In the EU and Britain, the 107 richest people own more wealth than the bottom 179 million citizens, Oxfam adds.

Hemsworth MP Jon Trickett, who last autumn published The Nature of Wealth in Britain: How Wealth Wields Power and the Case for a Wealth Tax, told the Morning Star that the growth in wealth of the super-rich was directly linked to the falling incomes of the 99 per cent.

Through the pandemic a new billionaire was minted every 26 hours, while Inequality Kills calculates that inequality contributes to the death of a person every four seconds.

“This immoral situation must not continue. Tax wealth now!” Mr Trickett told the Morning Star.

And Leeds East MP Richard Burgon, the secretary of the Socialist Campaign Group of MPs who has submitted a private member’s Bill calling for a wealth tax to replace Chancellor Rishi Sunak’s looming National Insurance hike targeting ordinary people’s incomes, said inequality had reached “obscene” levels.

“The pandemic has not just highlighted the grotesque inequalities baked into our global economic system — it has made them much worse. While millions have really suffered during this pandemic, billionaires have increased their collective wealth by a sickening $5 trillion,” he said. 

“Instead of taxes on working people, as we are seeing under the Tories, we need to step up the fight for a wealth tax on the billionaire class — starting with those who have made super-profits out of this crisis.”
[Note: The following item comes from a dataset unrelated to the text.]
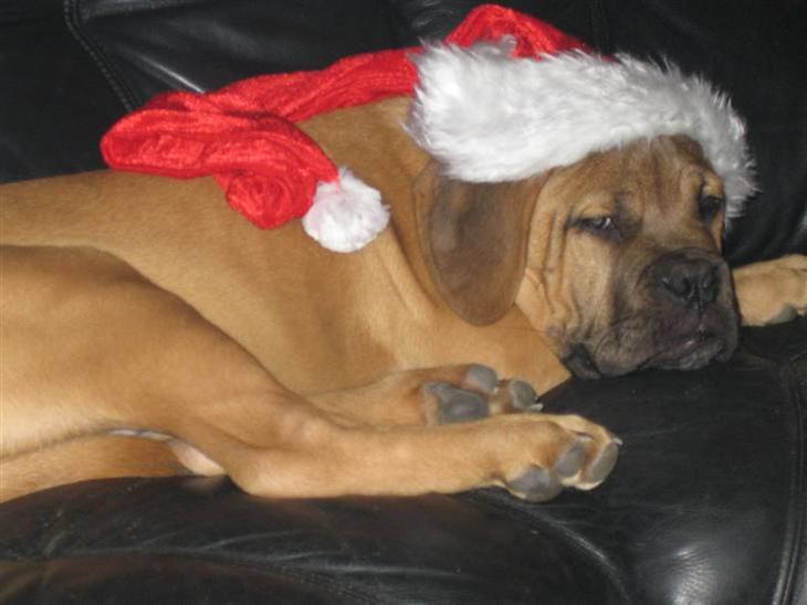 han er en dejlig hund af blandingen af en dog de bordeaux og bullmastiff på 2år og vejer ca 46-47kg.

Oxfam estimates that a one-off 99 per cent tax on the 10 richest men’s pandemic profits would raise enough cash to provide vaccines for everyone in the world, pay for universal healthcare, “fund climate adaptation and reduce gender-based violence in over 80 countries” and still leave them $8 billion richer than they were two years ago.
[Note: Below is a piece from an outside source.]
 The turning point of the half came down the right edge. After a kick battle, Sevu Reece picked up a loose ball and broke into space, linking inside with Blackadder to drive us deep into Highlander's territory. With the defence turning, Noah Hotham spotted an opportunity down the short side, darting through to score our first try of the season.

“Millions of people would still be alive today if they had had a vaccine — but they are dead, denied a chance while big pharmaceutical corporations continue to hold monopoly control of these technologies,” the charity warned, calling on this week’s World Economic Forum to study the report and for Britain and the European Union to drop their opposition to vaccine patent waivers.

This would allow poor nations to make their own jabs, rather than relying on donations from rich countries. 

The findings came as think tank IPPR North’s study, also published today, said that regional inequality in Britain was widening despite the government’s “levelling up” rhetoric.

And they add pressure on ministers as ordinary people face soaring energy bills and attacks on working-class incomes through real-terms pay cuts and withdrawal of the universal credit uplift.